Перед интервью с Александром говорим о наболевшем. Оказывается, что в Skyeton тоже отключают электроэнергию, а еще в компании активно бронируют работников. Были определенные задержки с бумагами, но с введением бронирования в "Дії" все стало значительно проще: "Успешно забронировали определенное количество людей. Подали документы через "Дію" и сразу получили подтверждение". Беседа началась с обсуждения публичных заявлений Skyeton о производстве в Словакии.
Зарубежные мощности Skyeton
12 июля вы объявили об открытии производства в Словакии, расскажите, на каком этапе сейчас этот проект, и вышли ли из него первые дроны?
Да, это правда. Мы действительно открыли предприятие в Словакии. Это полноценное предприятие полного цикла производства, но мощность его на сегодняшний день еще не та, которую мы себе планировали, потому что изделие наше очень сложное. Это действительно очень сложная профессиональная система, где много электроники, много софта и механика непростая. И поэтому людей на словацком предприятии надо учить работать. И работают они не так, как мы в Украине привыкли без выходных по 24 часа в сутки. Ну и мы же тоже учились.

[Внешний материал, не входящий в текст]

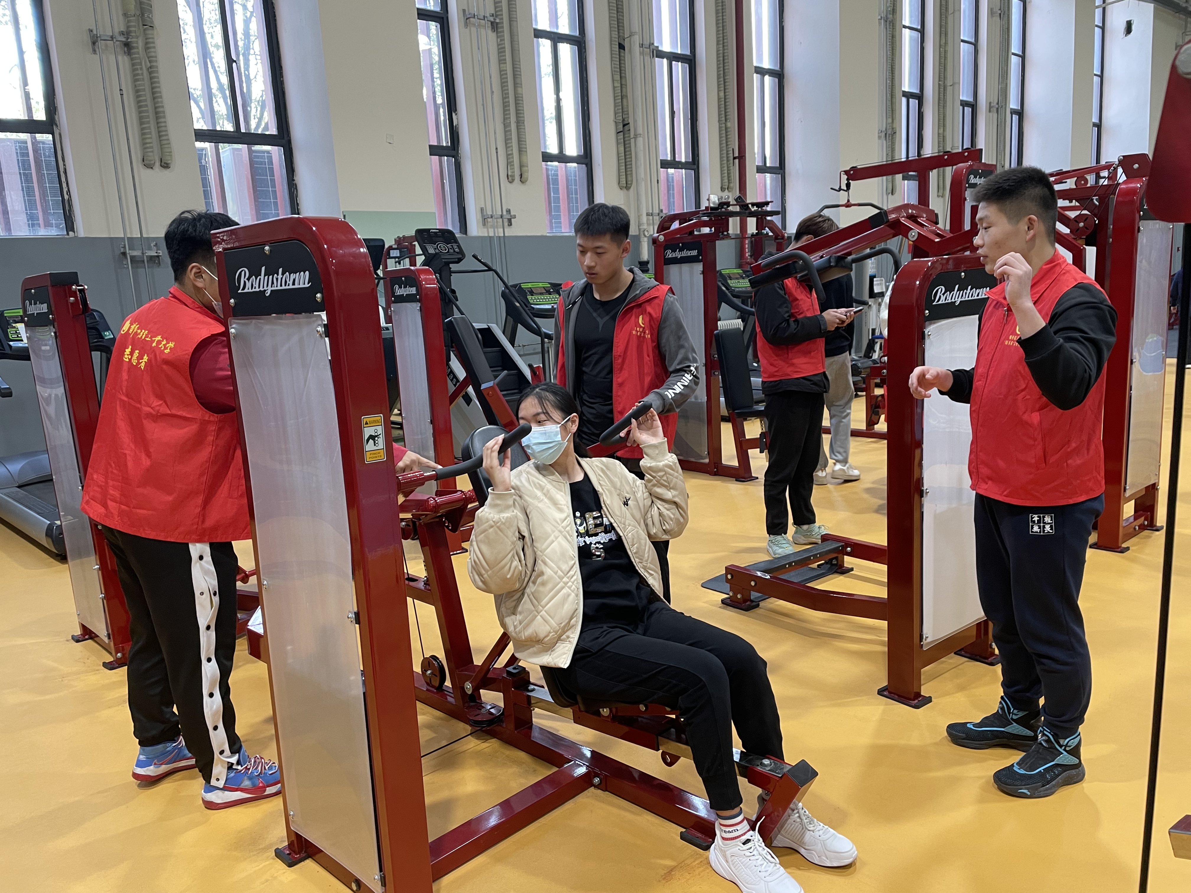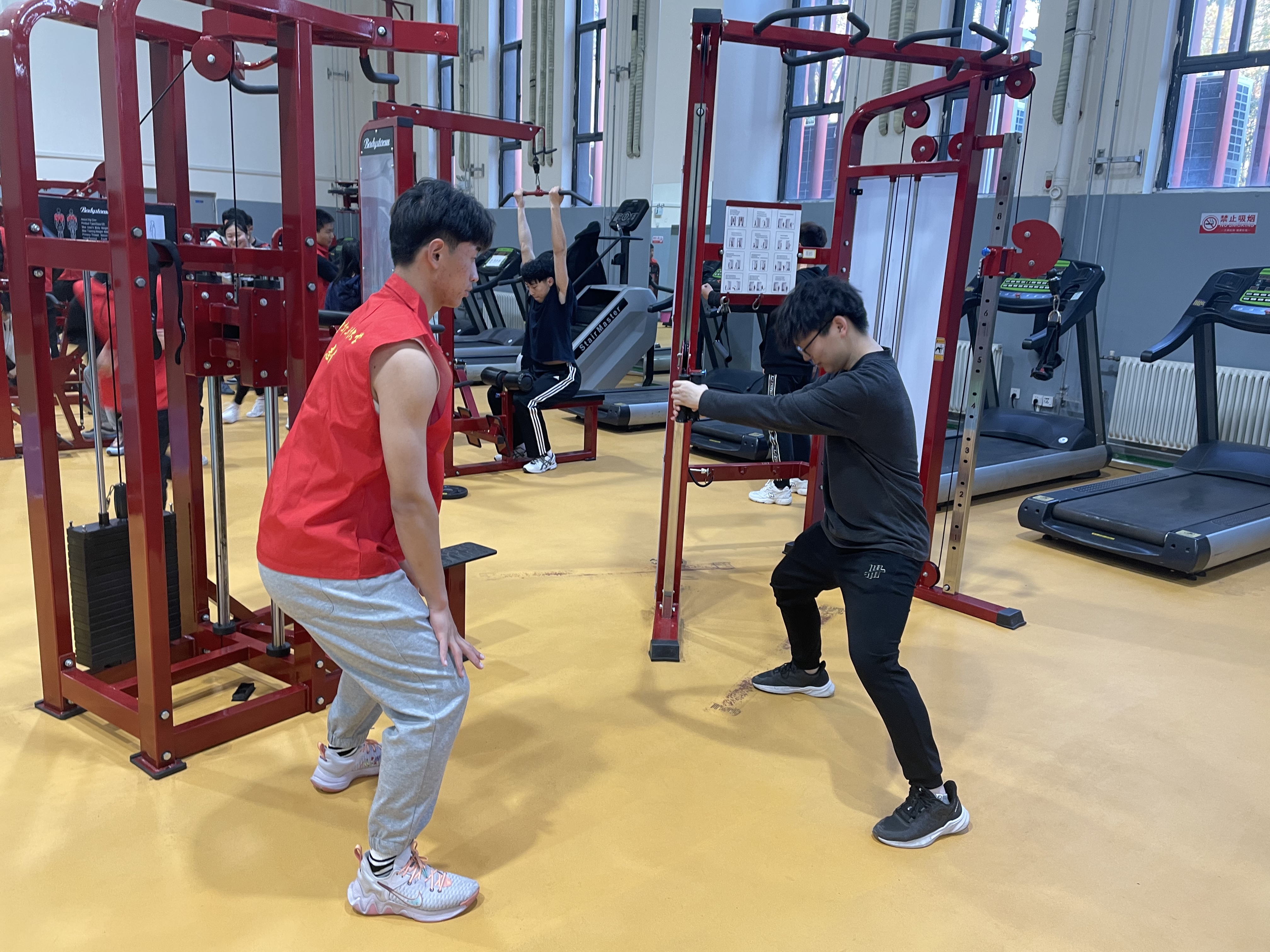 活动中,志愿者们指导同学们合理、安全使用健身器材,帮助同学们在安全训练的前提下减脂增肌,进行体形塑造。志愿者们采取循环渐进的方法,由简到繁的讲解,帮助同学们纠正错误动作,并针对不同健身目的和需求同学们提出具体健身方案,确保大家科学、安全健身。现场的健身爱好者们认真聆听志愿者们的讲解,仔细观看志愿者们的动作示范,深入了解了健身过程中器械使用、安全、负荷、强度、保护等知识。

Девять лет учимся делать то, что мы сегодня делаем. Поэтому еще некоторое время мы будем учиться в Словакии производить полную систему, на полную мощность. Сегодня завод производит пока что некоторые узлы, подсистемы, катапульту, еще некоторые подсистемы, которые очень важны для наших украинских заказов, они нам помогают в этом выполнять задачи. Но пока что полностью системы мы еще не поставляем. Но скоро начнем.
А будут ли словацкие беспилотники поставляться для нужд Сил обороны?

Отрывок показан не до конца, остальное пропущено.